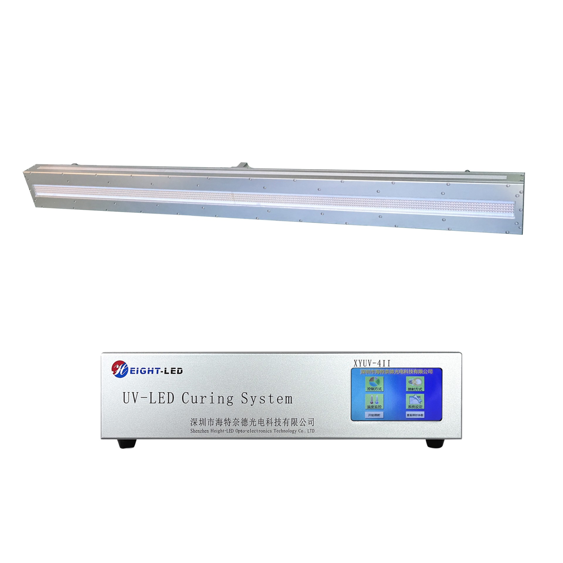 此UVLED照射頭采用進(jìn)口高強(qiáng)度紫外LED集成,UV光譜波長為395nm,采用強(qiáng)制水冷散熱,有效固化面積為1120X20mm,支持外部信號輸入和觸發(fā)。
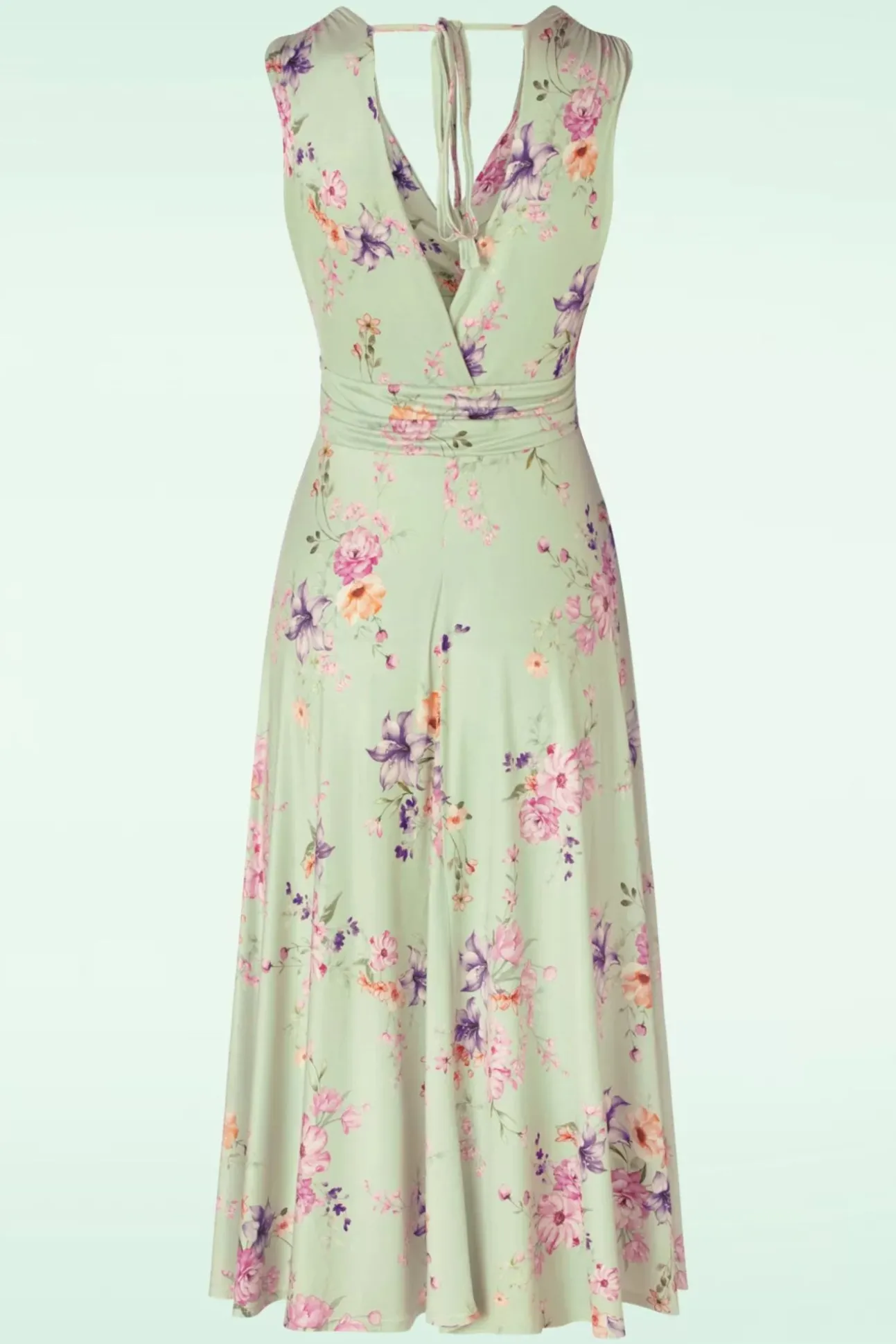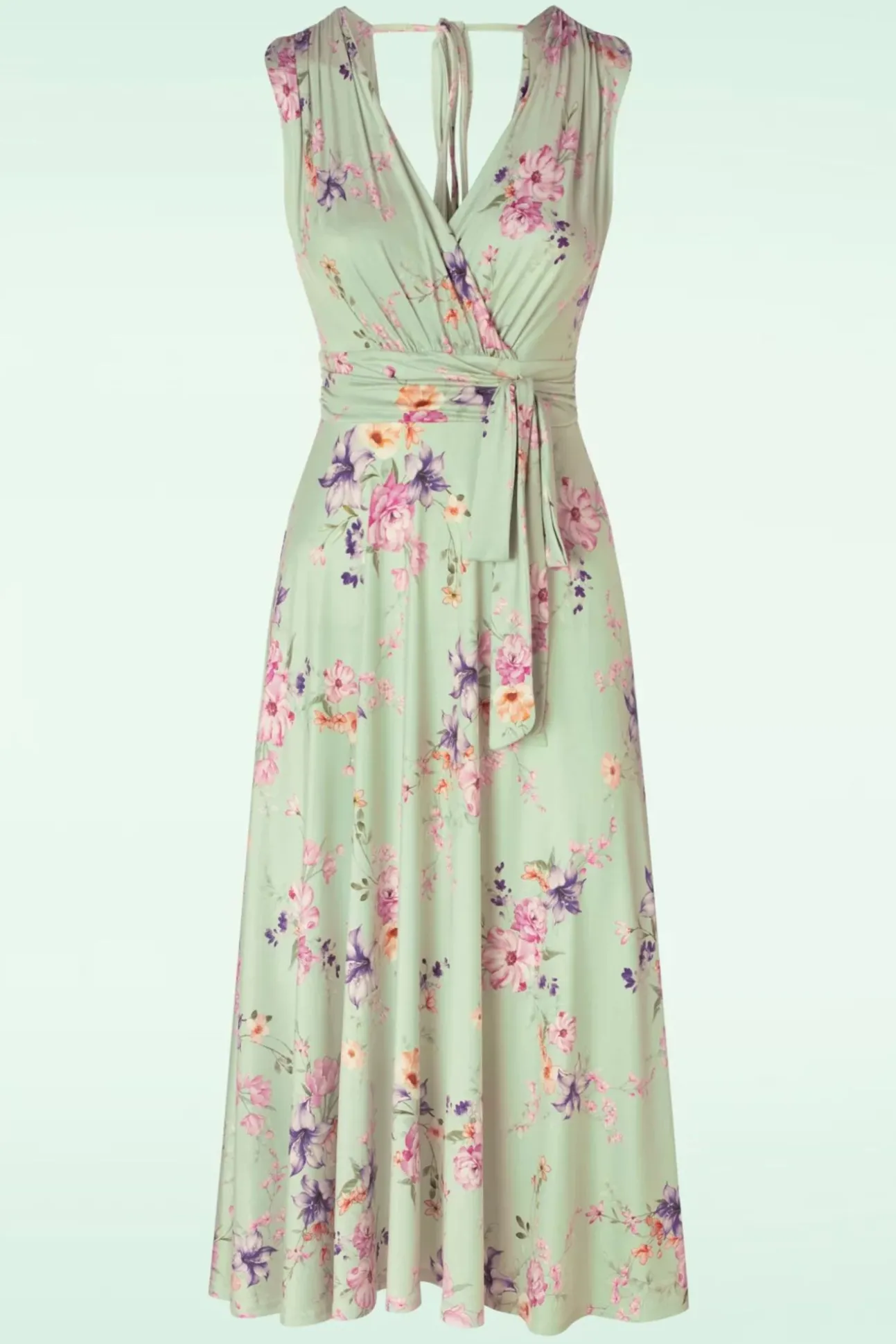 Wanneer Je Jane Aantrekt Weet Je Het Meteen; Ze Is Perfect En Vintage Romantiek Ten Top! Uitgevoerd In Een Glad En Soepel, Licht Glanzend, Stretchy, Lichtgroen Slinky Stofje Met Een Prachtige Bloemenprint, Dat Garant Staat Voor Veel Kreukvrij Draagplezier.
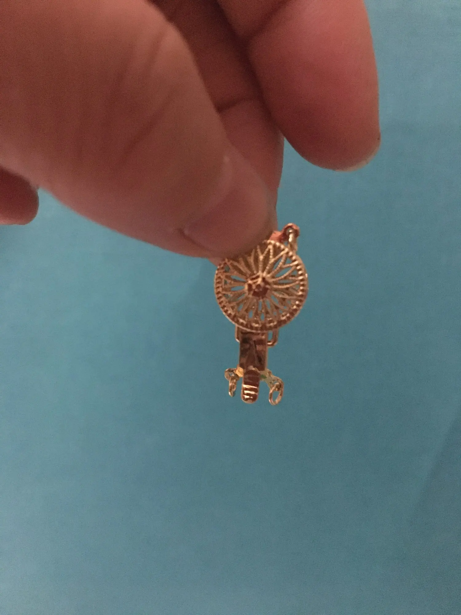 В золотом цвете плохо открывается, попробовала разжать немного, чтоб язычек вышел до конца, теперь после закрытия туго открывается. В серебре проблем нет, всё чётко. Застёжки не такие маленькие как пишут в коментах, на фото пример с бусинами 12мм на 16 мм
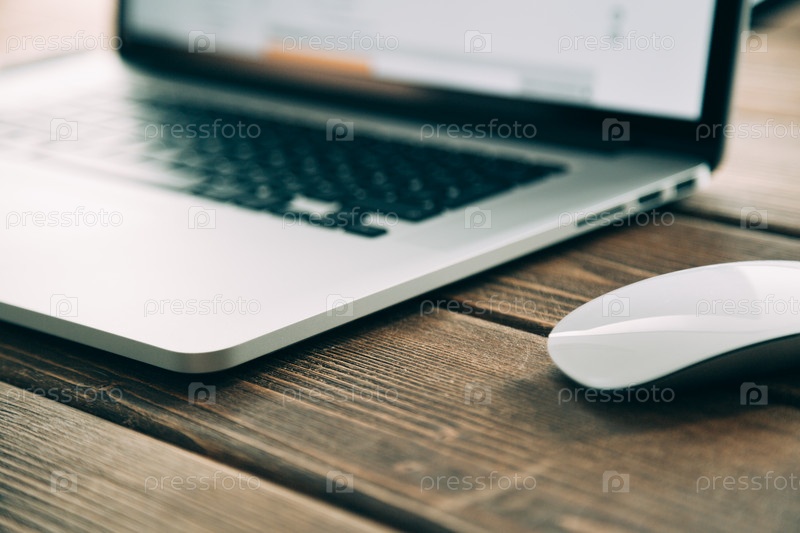 Рабочее место с открытым ноутбук на современный деревянный стол
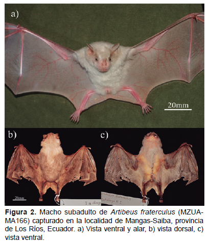 Primer reporte de leucismo para Artibeus fraterculus (Chiroptera: Phyllostomidae) en Ecuador
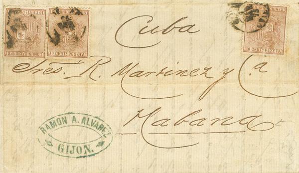 164(3), 154. 1875. 10 cts azul, tres sellos y 5 cts verde de Impuesto de Guerra. PENDUELES (ASTURIAS) a MADRID. Matasello TORRELAVEGA / SANTANDER, en tránsito. MAGNIFICA E INUSUAL FRANQUEO DE TRIPLE PORTE.
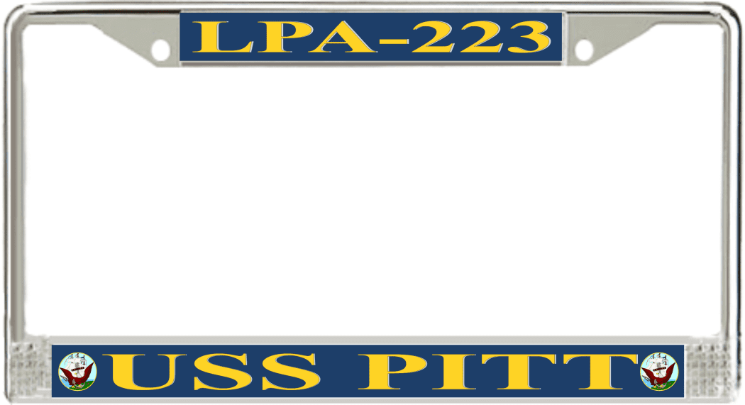 USS Pitt LPA-223 License Plate frameThis USS Pitt LPA-223 License Plate frame is proudly made in the USA at our facilities in Scottsboro, Alabama. Each of our MilitaryBest U.S. Navy Frames feature top and bottom Poly Coated Aluminum strips that are printed using sublimation which gives these quality automobile military frames a beautiful high gloss finish.
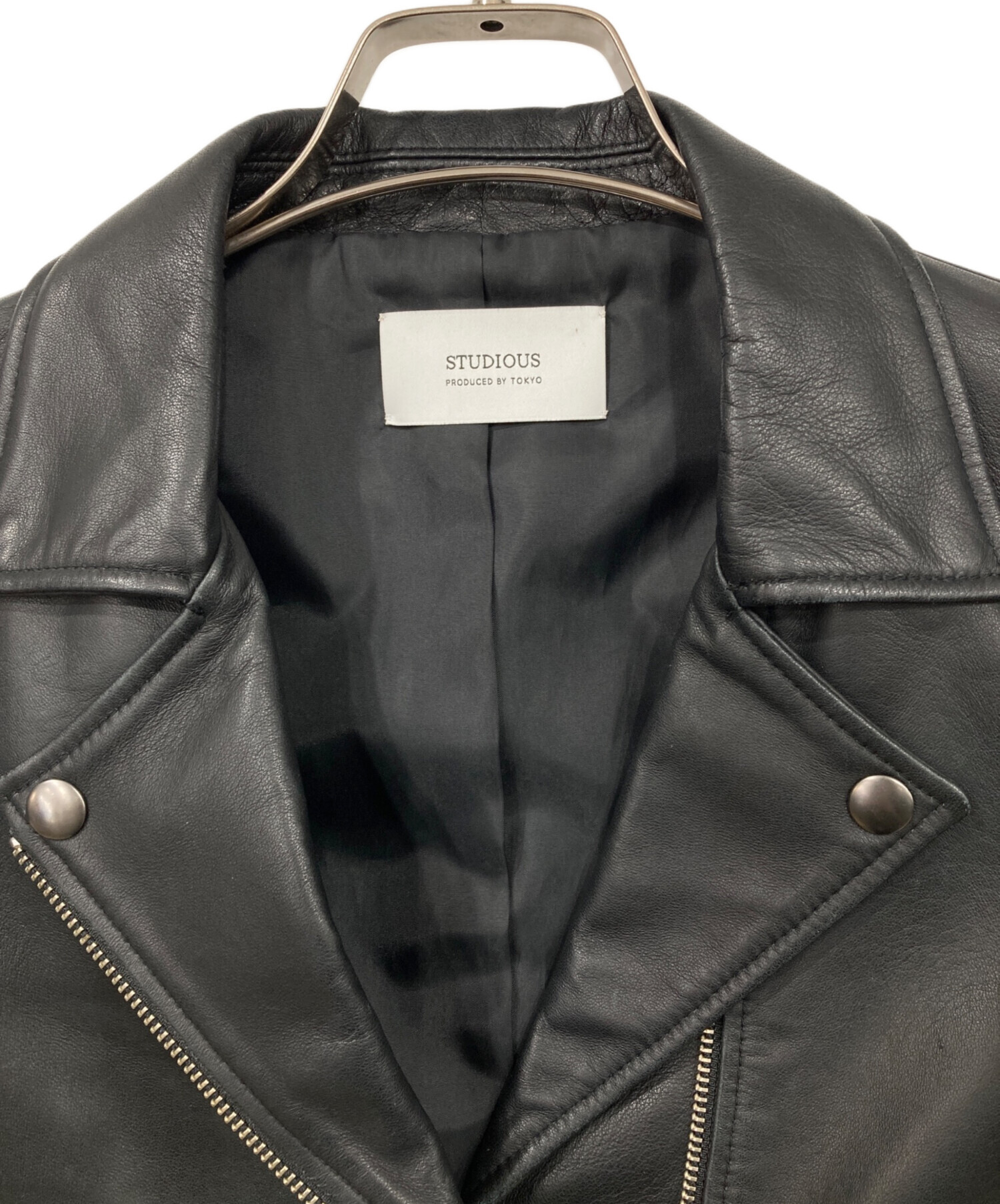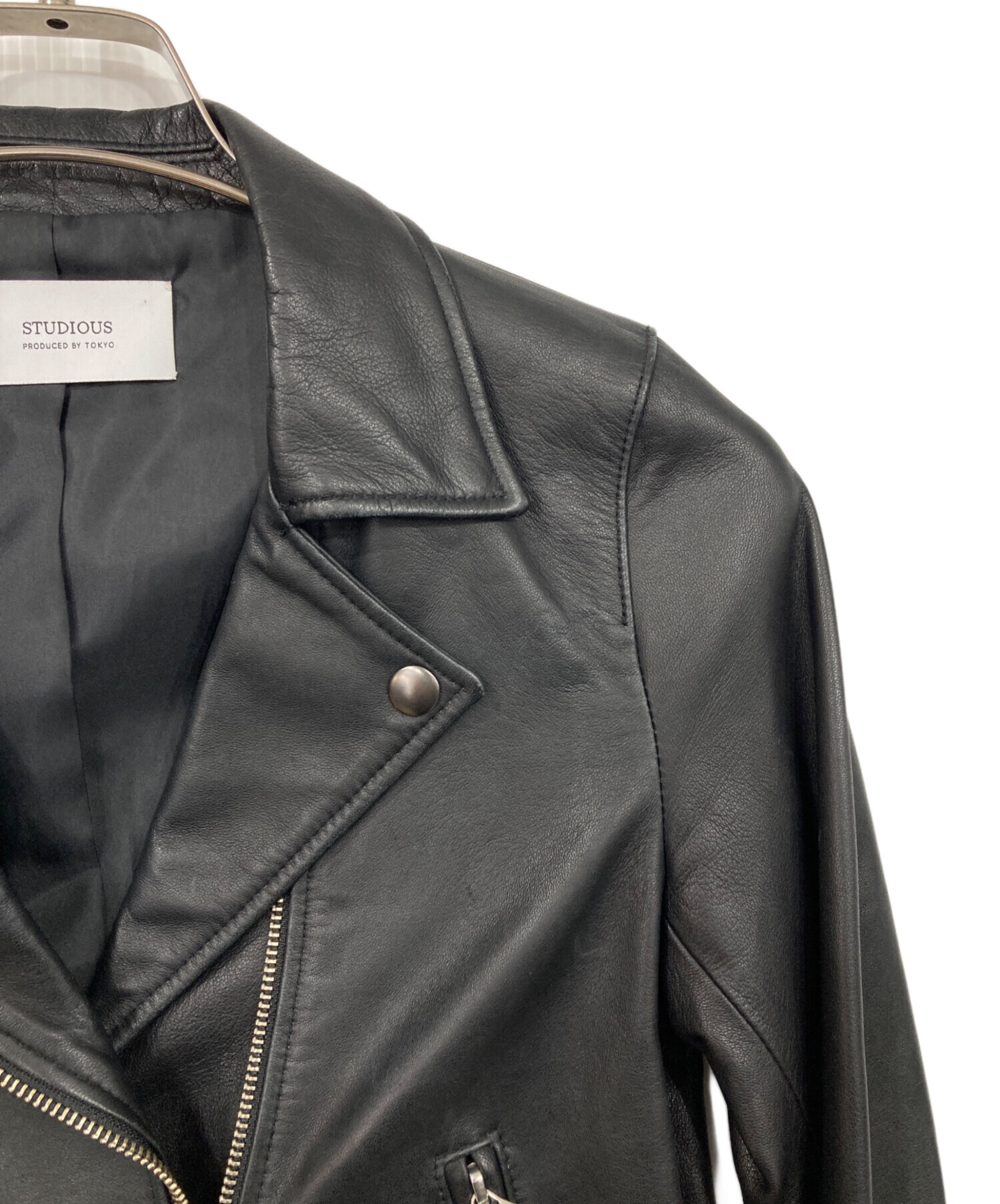 • STUDIOUS(ステュディオス)STUDIOUS (ステュディオス) ラムレザーライダースジャケット ブラック サイズ:1の古着・服飾アイテム 襟先スレ
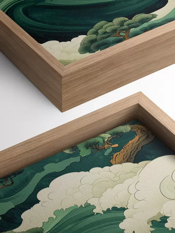 Schilderij Tekening in Chinese stijl met zeegolven en pijnbomen Art. s44719
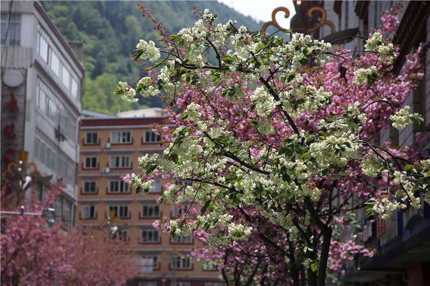 當(dāng)春天遇見(jiàn)最美的櫻花時(shí),驚艷了整個(gè)康定。櫻花與身邊人都將成為春日里的浪漫風(fēng)景。櫻花之美,美在氣勢(shì),櫻花紛飛,夢(mèng)幻唯美。每年4月中旬,康定城北門(mén)的櫻花綻放后,人們像是約好了一樣聚集到這里,共赴這一場(chǎng)甜美盛宴。這一路繁花似錦,人們穿過(guò)枝椏花正盛的櫻花林,穿過(guò)粉色海洋,徑直奔向一個(gè)浪漫的童話,一路櫻花飄散,一路粉光燦爛。櫻花絢麗繽紛、陸續(xù)綻放,若恰逢一陣春風(fēng)經(jīng)過(guò),櫻花瓣隨風(fēng)舞動(dòng),猶如紛落的雪花,空氣中浮動(dòng)著櫻花特有的淡淡香氣,令人不禁懷疑自己置身夢(mèng)境?!翱刀ǖ拇禾靵?lái)得要晚一些,綻放的櫻花,滿街的花草,折多河畔楊柳依依,康定的春天無(wú)比驚艷,醉了游人?!敝芟壬贿吪恼?,一邊感嘆,他在康定生活了40多年,20年前的康定,可以說(shuō)找不到像樣的花草樹(shù)木,進(jìn)入新時(shí)代,康定城市變美了,城市綠化走在了前面,城市的美譽(yù)度舒適度不斷提升??刀ㄖ海荷珴M園,姹紫嫣紅,風(fēng)光旖旎。
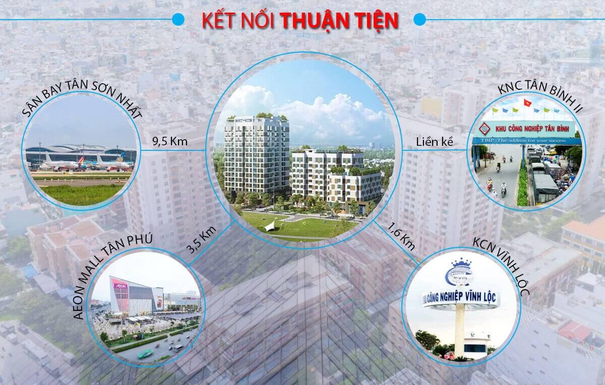 3.5km: Aeon Mall Tân Phú – 9.5 Km: Sân bay Tân Sơn Nhất

WHAT TO WORK ON
From the first line of the entries down to the line with "164(3), 154. 1875.", print each line exactly; omit any picture.

OUTPUT OF THE EXERCISE
 此UVLED照射頭采用進(jìn)口高強(qiáng)度紫外LED集成,UV光譜波長為395nm,采用強(qiáng)制水冷散熱,有效固化面積為1120X20mm,支持外部信號輸入和觸發(fā)。
 Wanneer Je Jane Aantrekt Weet Je Het Meteen; Ze Is Perfect En Vintage Romantiek Ten Top! Uitgevoerd In Een Glad En Soepel, Licht Glanzend, Stretchy, Lichtgroen Slinky Stofje Met Een Prachtige Bloemenprint, Dat Garant Staat Voor Veel Kreukvrij Draagplezier.
 В золотом цвете плохо открывается, попробовала разжать немного, чтоб язычек вышел до конца, теперь после закрытия туго открывается. В серебре проблем нет, всё чётко. Застёжки не такие маленькие как пишут в коментах, на фото пример с бусинами 12мм на 16 мм
 Рабочее место с открытым ноутбук на современный деревянный стол
 Primer reporte de leucismo para Artibeus fraterculus (Chiroptera: Phyllostomidae) en Ecuador
 164(3), 154. 1875. 10 cts azul, tres sellos y 5 cts verde de Impuesto de Guerra. PENDUELES (ASTURIAS) a MADRID. Matasello TORRELAVEGA / SANTANDER, en tránsito. MAGNIFICA E INUSUAL FRANQUEO DE TRIPLE PORTE.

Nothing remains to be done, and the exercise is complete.